Depressive self-schemas usually develop during early childhood. They remain latent until activated by adverse circumstances such as stressful life events (a failure or rejection experience). An individual who is vulnerable to depression may engage in information processing biases and experience negative thoughts that center on themes of loss, failure, worthlessness, defectiveness, incompetence and inadequacy.
Example of disfunctional attitudes:
- failing partially is equivalent to complete failure
- if-then ” statements: “If I am not approved by everyone, then I am not worthwhile ”
- self-worth or happiness depends on the approval of others
- personal rules and compensatory strategies for coping with negative core beliefs (“ I must succeed in everything I do ”)
2. maladaptive beliefs
3. negative automatic thoughts
Negative thinking related to interpersonal themes (defining self-worth on the basis of interpersonal approval and acceptance) confers a particular risk factor for depression.
Examples of negative appraisal of life circumstances:
1.to see things in terms of two mutually exclusive categories with no “ shades of gray ” in between (e.g. believing that one is either a success or a failure and that anything short of a perfect performance is a total failure)
2. to overgeneralize a specific event. To see it as being characteristic of life in general rather than as being one event among many. (e.g concluding that an inconsiderate response from one’s spouse shows that she doesn’t care despite her having showed consideration on other occasion).
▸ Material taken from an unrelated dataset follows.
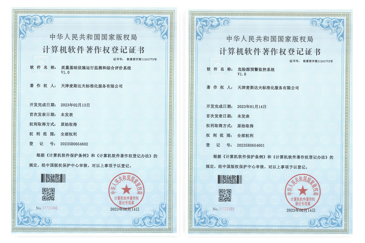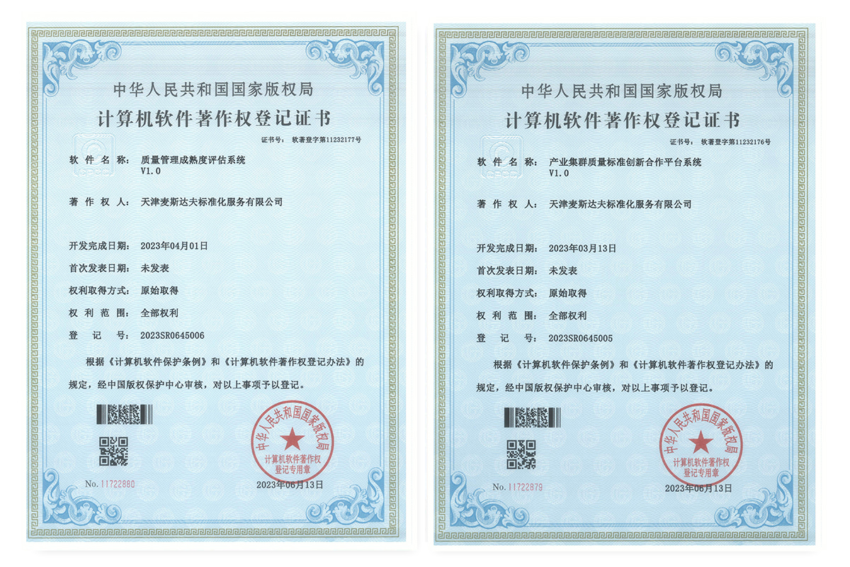 2023年6月16日,天津麥斯達(dá)夫標(biāo)準(zhǔn)化服務(wù)有限公司獲得四項(xiàng)軟件著作權(quán)證書,“質(zhì)量基礎(chǔ)設(shè)施運(yùn)行監(jiān)測(cè)和綜合評(píng)價(jià)系統(tǒng)V1.0”“危險(xiǎn)源預(yù)警監(jiān)控系統(tǒng)V1.0”“質(zhì)量管理成熟度評(píng)估系統(tǒng)v1.0”“產(chǎn)業(yè)集群質(zhì)量標(biāo)準(zhǔn)創(chuàng)新合作平臺(tái)系統(tǒng)v1.0”。

3. to ignore other relevant aspects of a complex situation and focus only on one thing(e.g. focusing on the one negative comment in a performance evaluation received at work and overlooking a number of positive comments).
4. to disqualify the positive. Positive experiences that would conflict with the individual’s negative views are discounted by declaring that they “ don’t count. ” (e.g. disbelieving positive feedback from friends and colleagues and thinking “ they’re only saying that to be nice. ”).
5. mind reading- to assume that others are reacting negatively without evidence that this is the case. (e.g. thinking, “ I just know he thought I was an idiot! ”, despite the other person’s having behaved politely).
6. to react as though negative expectations about future events are established facts (e.g. thinking, “He’s leaving me, I just know it! ”, and acting as though this is definitely true).
7. to catastrophize. Negative events that might occur are treated as intolerable catastrophes rather than being seen in perspective (e.g. thinking “ Oh my God, what if I faint! ” without considering that, whereas fainting may be unpleasant and embarrassing, it is not terribly dangerous).
8. to assume that emotional reactions necessarily reflect the true situation (e.g. deciding that because one feels hopeless, the situation must really be hopeless).
9. “ Should ” statements: the use of should and have-to statements to provide motivation or control behavior (e.g. thinking, “ I shouldn’t feel aggravated. She’s my mother, I have to listen to her. ”)
10. to attache a global label to yourself rather than referring to specific events or actions (e.g. thinking, “ I’m a failure! ”, rather than “ Boy, I blew that one! ”)
11. to assume that one is the cause of a particular external event when, in fact, other factors are responsible(e.g. assuming that a supervisor’s lack of friendliness is a reflection of her feelings about the client rather than realizing that she is upset).